Problem to work on. Every picture should be left out, but the lines below must be repeated exactly.

Provided data.
- - -

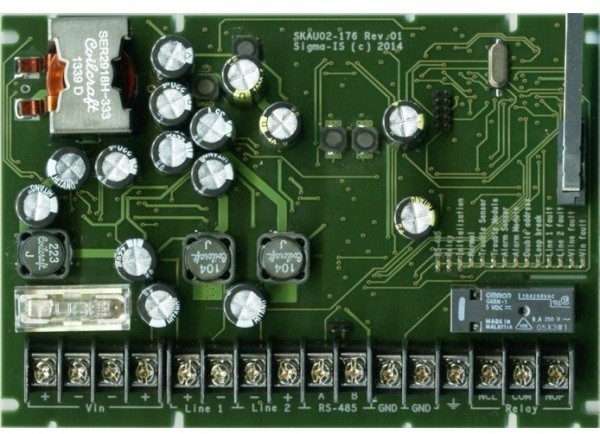СКАУ-02, корпус IP 65 - сетевой контроллер адресных шлейфов сигнализации с использованием извещателей, модулей и оповещетелей только компании "System Sensor" (99 извещателей + 99 модулей) в пластмассовом корпусе, без встроенной консоли управления, со степенью защиты - IP65 входит в состав ИСБ "Индигирка".
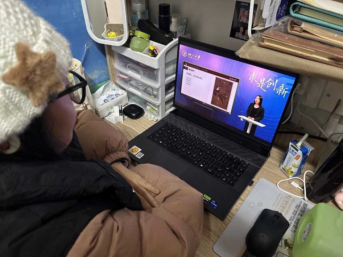 (图为宣讲员杨砚迪正在学习培训课程)
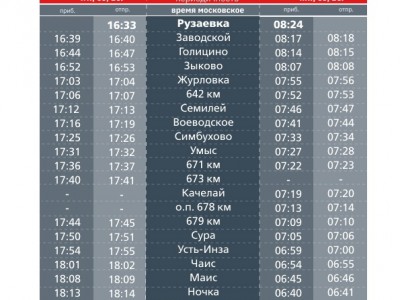 С 21 декабря пригородный поезд №7207 Ночка – Рузаевка будет отправляться от станции Инза. Поезда будут курсировать по понедельникам, субботам и воскресеньям.

- - -

Answer section.
СКАУ-02, корпус IP 65 - сетевой контроллер адресных шлейфов сигнализации с использованием извещателей, модулей и оповещетелей только компании "System Sensor" (99 извещателей + 99 модулей) в пластмассовом корпусе, без встроенной консоли управления, со степенью защиты - IP65 входит в состав ИСБ "Индигирка".
 (图为宣讲员杨砚迪正在学习培训课程)
 С 21 декабря пригородный поезд №7207 Ночка – Рузаевка будет отправляться от станции Инза. Поезда будут курсировать по понедельникам, субботам и воскресеньям.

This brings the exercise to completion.